Reassessing Schoenfeld Residual Tests of Proportional Hazards in Political Science Event History Analyses
The authors contributed equally to this work. Author ordering was chosen at random. We are grateful to Janet Box-Steffensmeier, Wendy Cho, Kyle Joyce, Philip Chen, Han Dorussen, Charles Gregory, Zein Murib, Maron Sorenson, and participants in the event history ITV course held at the Ohio State University, the University of Illinois, the University of Minnesota, and the University of Wisconsin for offering helpful comments on earlier versions of this project. We are indebted to the current and previous editors and anonymous reviewers of AJPS, who provided invaluable suggestions during the review process. We also thank Jason Morgan for providing critical suggestions with respect to the simulation algorithm, as well as Kyle Beardsley, Scott Bennett, Kathleen Cunningham, Zachary Elkins, Scott Gartner, Hein Goemans, John Huber, Cecilia Martinez-Gallardo, Michaela Mattes, Maria Victoria Murillo, Stephen Quackenbush, Burcu Savun, Dan Smith, Paul Warwick, and Christopher Zorn for helpful correspondence with respect to replication materials. Thanks also go to all of the authors, too numerous to list here, who have made their data and replication code publicly available. Any and all errors are our own. Replication materials are available in the AJPS Data Archive on Dataverse (http://dvn.iq.harvard.edu/dvn/dv/ajps) and from the authors' websites.
Abstract
An underlying assumption of proportional hazards models is that the effect of a change in a covariate on the hazard rate of event occurrence is constant over time.

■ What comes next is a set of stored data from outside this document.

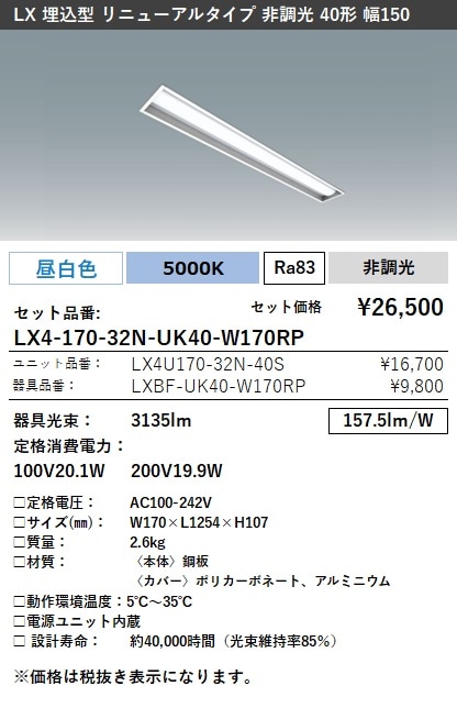LX4-170-32N-UK40-W170RP ラインルクス 埋込型 リニューアルタイプ 非調光 40形 幅150
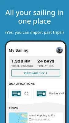 Rich Logbook Entries: Our digital logbook allows you to capture every detail of your journeys at sea with just a tap. Simply click to start and stop GPS tracking for your voyage. This information is invaluable for improving your sailing strategies and maintaining a historical record of your experiences.
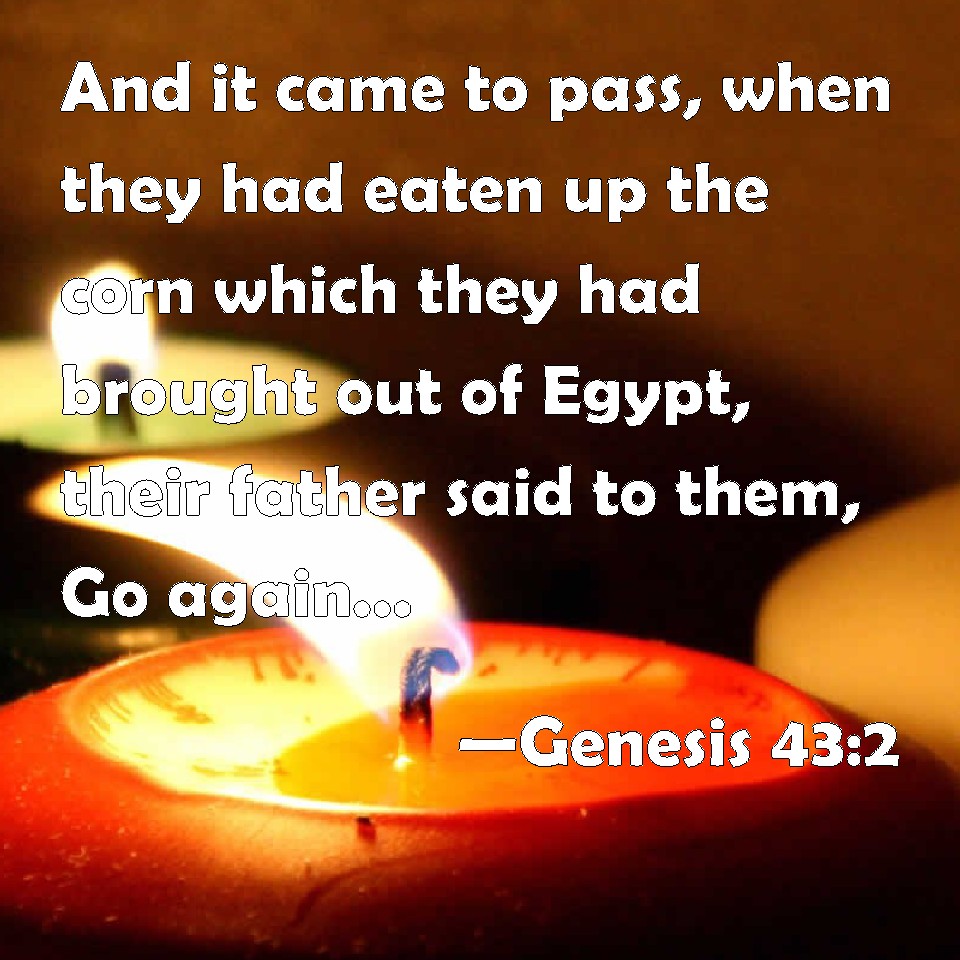 Choose a Background Genesis 43:2 And it came to pass, when they had eaten up the corn which they had brought out of Egypt, their father said to them, Go again, buy us a little food. KJV: And it came to pass, when they had eaten up the corn which they had brought out of Egypt, their father said unto them, Go again, buy us a little food. DRB: And when they had eaten up all the corn, which they had brought out of Egypt, Jacob said to his sons: Go again and buy us a little food. DBT: And it came to pass, when they had finished eating the grain which they had brought from Egypt, that their father said to them, Go again, buy us a little food. ERV: And it came to pass, when they had eaten up the corn which they had brought out of Egypt, their father said unto them, Go again, buy us a little food. WBT: And it came to pass, when they had consumed the corn which they had brought from Egypt, their father said to them, Go again, buy us a little food. WEB: It happened, when they had eaten up the grain which they had brought out of Egypt, their father said to them, "Go again, buy us a little more food." YLT: and it cometh to pass, when they have finished eating the corn which they brought from Egypt, that their father saith unto them, 'Turn back, buy for us a little food.'Links Genesis 43:2 NIV • Genesis 43:2 NLT • Genesis 43:2 ESV • Genesis 43:2 NASB • Genesis 43:2 KJV • Genesis 43:2 Interlinear • Genesis 43:2 Commentaries • Genesis 43:2 Parallel Texts • Genesis 43:2 Bible Apps • Genesis 43:2 Parallel • Bible Hub |
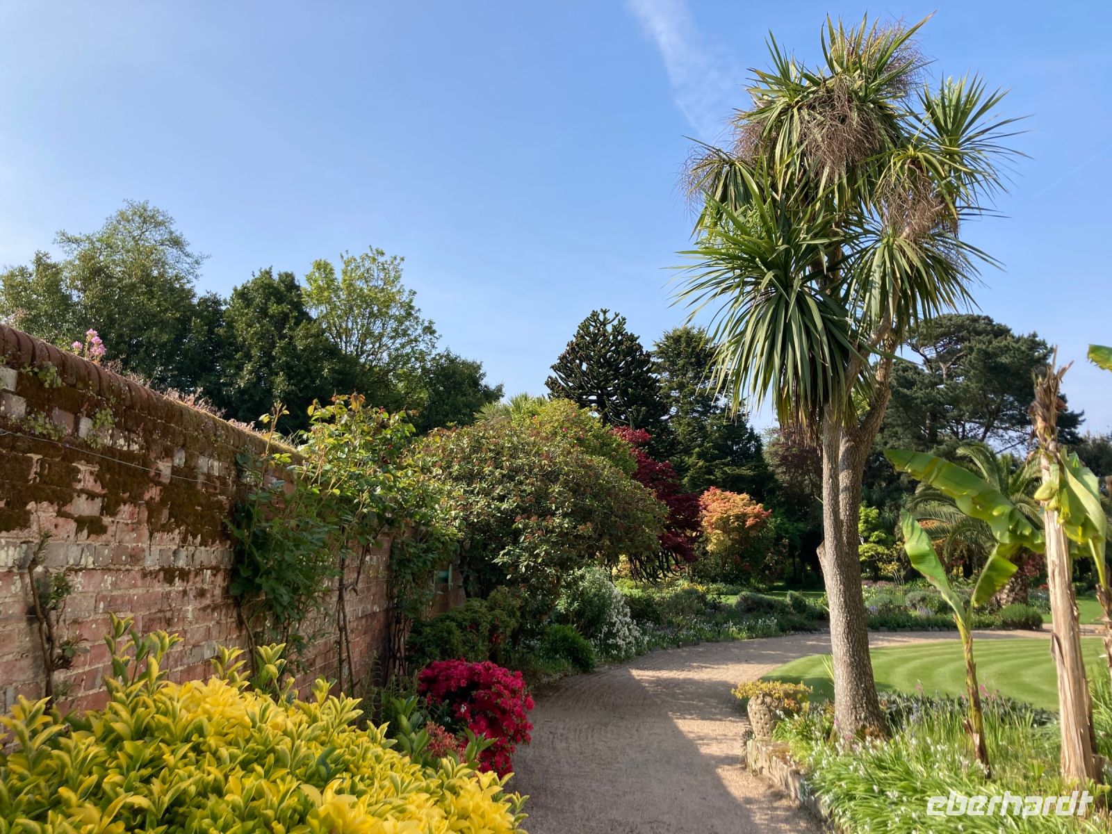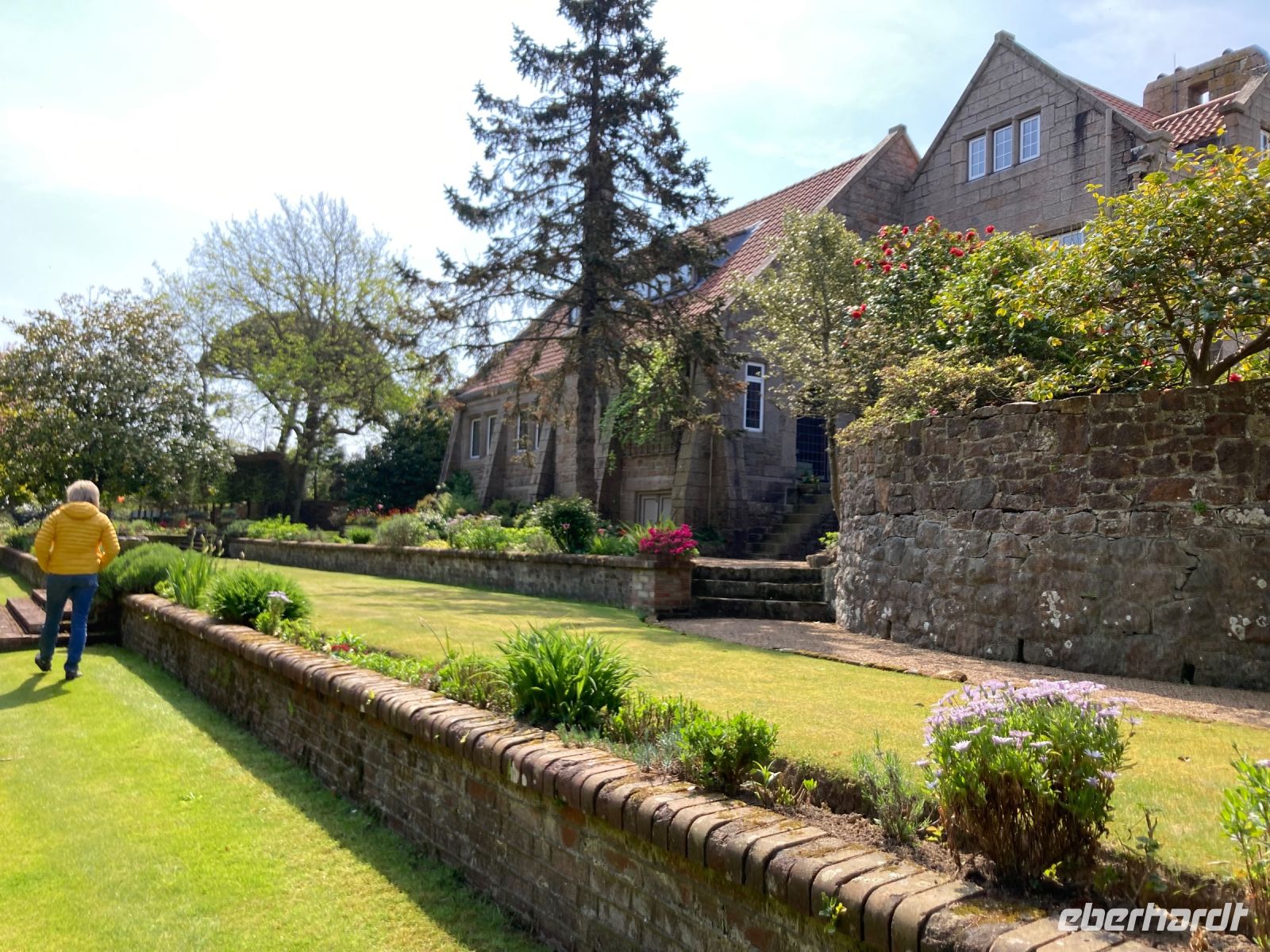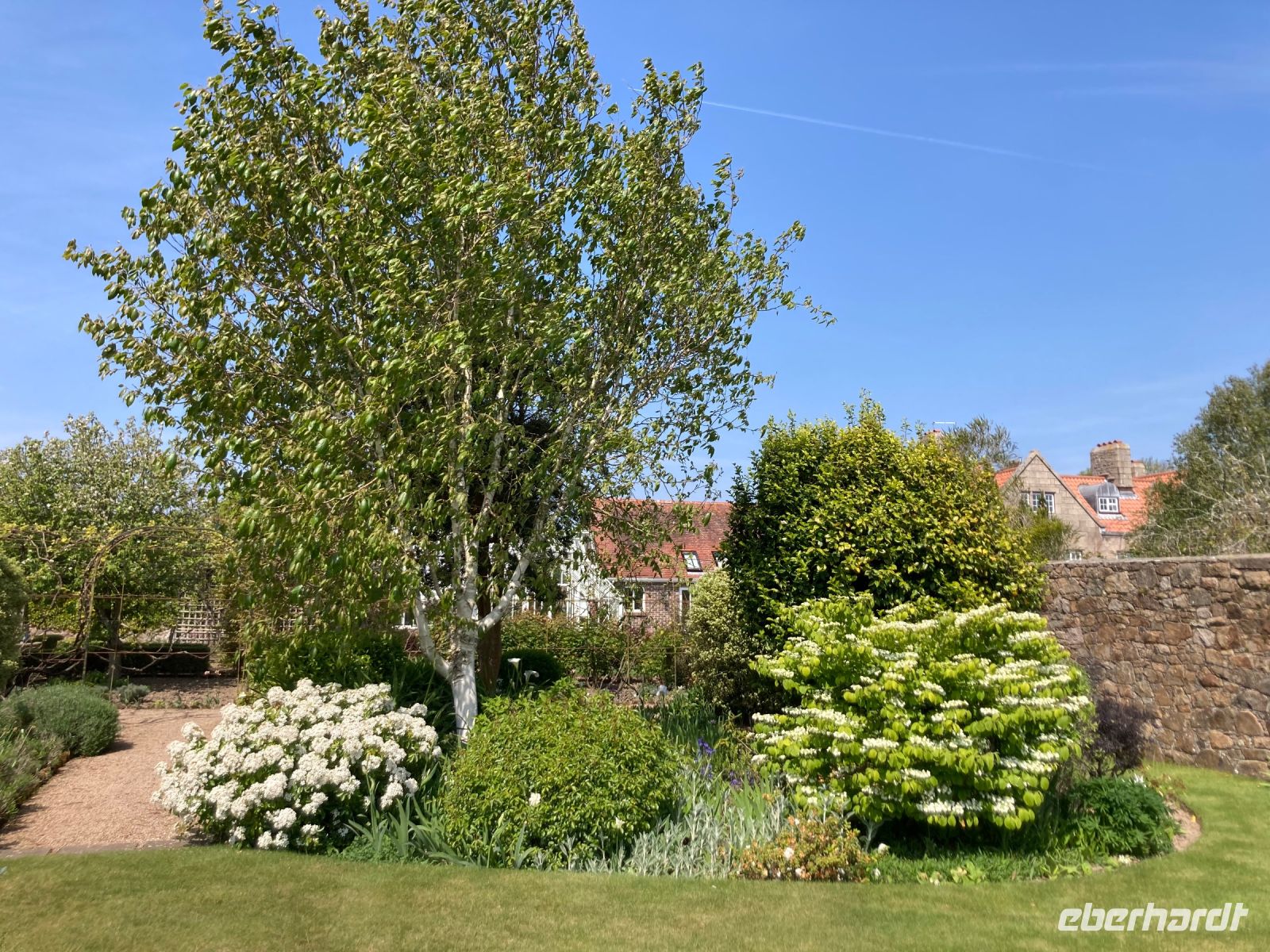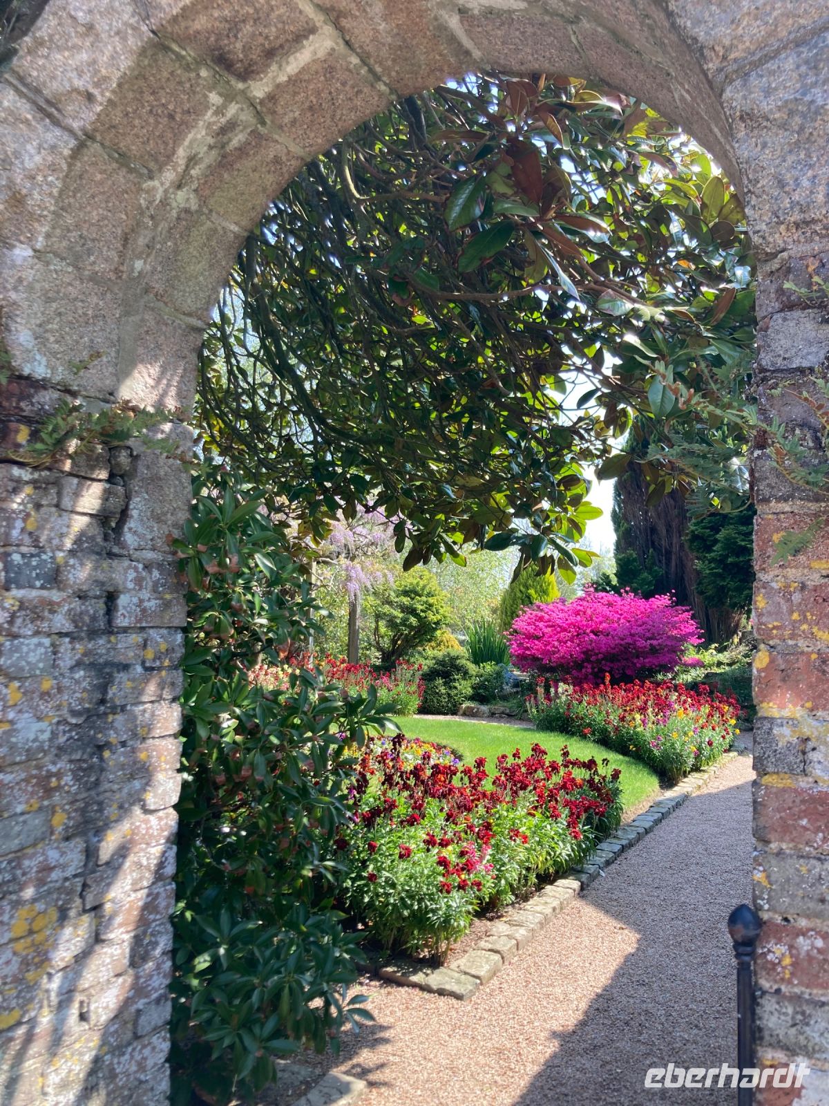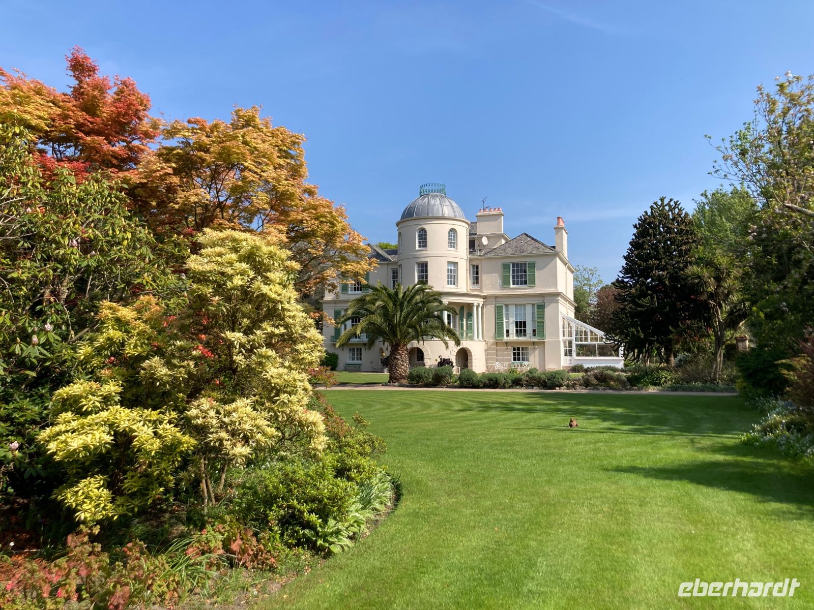 Ein letzter schöner Reisetag steht heute auf dem Programm. Heidi und Ernst holen uns bei Sonnenschein am Hotel ab. Zunächst halten wir für einen Fotostopp an der Bucht mit Blick auf Elizabeth Castle bei Flut. Anschließend dürfen wir das Anwesen von Mr. Miles besuchen. Dies ist ein sehr geschichtsträchtiges Haus mit prächtigem Garten. Er führt uns höchstpersönlich über das Gelände. Die Familie ist Anfang des letzten Jahrhunderts von Irland nach Jersey ausgewandert. Zunächst bestaunen wir die Pflanzen und Gemüse im Mauergarten - walled garden. Neben brasilianischem Rhabarber wachsen hier Artischocken, Feigen, Kiwis und vieles mehr. Anschließend sehen wir den weitläufigen Garten, wo alles wunderschön arrangiert ist: Rhododendron, Pfingstrosen, Geranien, Kamelien u. v. m. Auch preisgekrönte Azaleen stehen hier.
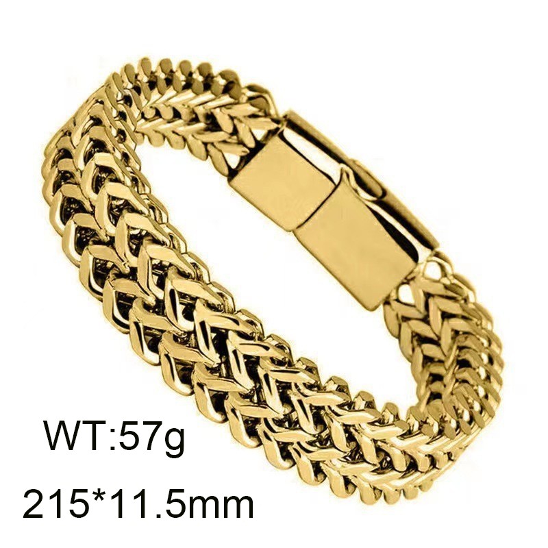 - Stainless Steel Simple and personalized woven double row front and back keel flat buckle Gold-plating Bracelet

For scholars using the Cox model, a Schoenfeld residual-based test has become the disciplinary standard for detecting violations of this assumption. However, using this test requires researchers to make a choice about a transformation of the time scale. In practice, this choice has largely consisted of arbitrary decisions made without justification. Using replications and simulations, we demonstrate that the decision about time transformations can have profound implications for the conclusions reached. In particular, we show that researchers can make far more informed decisions by paying closer attention to the presence of outlier survival times and levels of censoring in their data. We suggest a new standard for best practices in Cox diagnostics that buttresses the current standard with in-depth exploratory data analysis.